# technical question



## edwin_dummy (Nov 28, 2006)

anyone can suggest a website where i could ask technical questions other than www.eng-tips.com

for some unknown reason i couldnt join that forum.

thanks,


----------



## MetroRAFB (Nov 28, 2006)

What are we? Chopped liver?


----------



## Road Guy (Nov 28, 2006)

you can always ask them here and see what shakes out :study

thats what we intendid the "Engineering Related Discussions" sub forum to be for. It probably needs a better name/description, but my creativity has all been used up for this life...


----------



## RIP - VTEnviro (Nov 28, 2006)

:banhim:


----------



## riedlipa (Nov 28, 2006)

I like www.eng-tips.com

Not a PE site, but geared toward nerdy engineering discussions.

:beerchug

Try joining again.


----------



## DVINNY (Nov 28, 2006)

> :banhim:


No Doubt. Sounds like Eng-tips already did.


----------



## Mike1144 (Nov 29, 2006)

I think I'm banned from eng-tips. I had an account sometime ago, and I can't log back in. I try to sign up and it says my email address is already used. So I click on "email me password", and nothing. I think they ban everyone with a hotmail account.


----------



## RIP - VTEnviro (Nov 29, 2006)

> > :banhim:
> 
> 
> No Doubt. Sounds like Eng-tips already did.


Uh oh. That means PPI is his last hope. :suicide:


----------



## McEngr (Nov 29, 2006)

Road Guy and VTenviro,

It would be an absolute success if you expanded the engineering discussion forum a bit. You could organize the forum amongst each engineering discipline and then split that with each aspect. It could actually be geared towards both the PE and the real-to-life BS that we put up with everyday.

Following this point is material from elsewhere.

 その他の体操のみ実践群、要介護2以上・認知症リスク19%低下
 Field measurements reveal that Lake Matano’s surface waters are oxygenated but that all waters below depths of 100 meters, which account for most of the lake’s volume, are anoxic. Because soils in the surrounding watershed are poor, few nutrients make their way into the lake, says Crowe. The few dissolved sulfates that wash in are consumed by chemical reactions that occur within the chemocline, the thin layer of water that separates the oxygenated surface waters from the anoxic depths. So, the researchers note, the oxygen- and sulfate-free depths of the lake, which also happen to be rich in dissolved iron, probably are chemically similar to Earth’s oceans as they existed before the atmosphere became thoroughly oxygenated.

I'm not a website guru, but I think that we have a decent amount of members that would be glad to contribute. What do you say?

McEngr


----------



## RIP - VTEnviro (Nov 29, 2006)

The discipline specific forums seem kinda slow as is to me. I don't think specializing them further would do much at this point.


----------



## Road Guy (Nov 29, 2006)

I hate to add a bunch more forums until the need is there, but maybe I can add some sub forums to the engineering discussion forum group (mainly so you dont have to scroll down 3 pages to read the entire board..

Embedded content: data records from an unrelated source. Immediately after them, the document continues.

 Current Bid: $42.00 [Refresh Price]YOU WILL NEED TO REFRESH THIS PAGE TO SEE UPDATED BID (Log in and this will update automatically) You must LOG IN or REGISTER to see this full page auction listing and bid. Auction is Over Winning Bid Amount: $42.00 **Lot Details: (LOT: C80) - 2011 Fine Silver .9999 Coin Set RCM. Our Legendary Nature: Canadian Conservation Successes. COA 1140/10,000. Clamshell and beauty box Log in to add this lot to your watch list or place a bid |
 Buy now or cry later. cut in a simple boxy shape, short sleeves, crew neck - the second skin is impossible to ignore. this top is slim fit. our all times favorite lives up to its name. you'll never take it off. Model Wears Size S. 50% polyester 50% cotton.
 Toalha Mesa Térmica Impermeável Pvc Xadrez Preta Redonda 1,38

But if thats what the people want I will be happy to do it.

If we started with

Civil (General, Structural, Transportation, Hydro, ENV,Geotech)

Mechanical (???)

Electrical( ???)

which other disciplines would you add (although would prefer to combine it to have a max of 3 for know)


----------



## MetroRAFB (Nov 29, 2006)

> The discipline specific forums seem kinda slow as is to me. I don't think specializing them further would do much at this point.


I agree VT, not much happening there as it is. I think it's probably because this site is discovered by people that are studying for the PE or the FE exams, and as such are more focused on that aspect of their engineering. I think this is a great place to ask your "peers" about day to day engineering problems that you might come upon in your work, and I wouldn't hesitate to do so. I just think most members are more focused on the exams and the comraderie that this site provides during that process. I also think that the answers to many engineering related questions that are generated at work are code specific. Me asking someone from from Alaska how to do something here in FL might not be very helpful.


----------



## cement (Nov 29, 2006)

> I hate to add a bunch more forums until the need is there, but maybe I can add some sub forums to the engineering discussion forum group (mainly so you dont have to scroll down 3 pages to read the entire board..
> 
> But if thats what the people want I will be happy to do it.
> 
> ...


looks good roadguy.

You could start populating the Civil with some of the existing threads:

http://engineerboards.com/index.php?showtopic=1230

http://engineerboards.com/index.php?showtopic=1141

http://engineerboards.com/index.php?showtopic=1382

http://engineerboards.com/index.php?showtopic=1446

I'm sure there are a few more...


----------



## Road Guy (Nov 29, 2006)

i figure we will see how it goes, I am far to lazy to move any threads at the moment :true:


----------



## DVINNY (Nov 29, 2006)

I think this site has really come along in the last 6 months, but like RoadGuy said, there really isn't a need there yet for expansion.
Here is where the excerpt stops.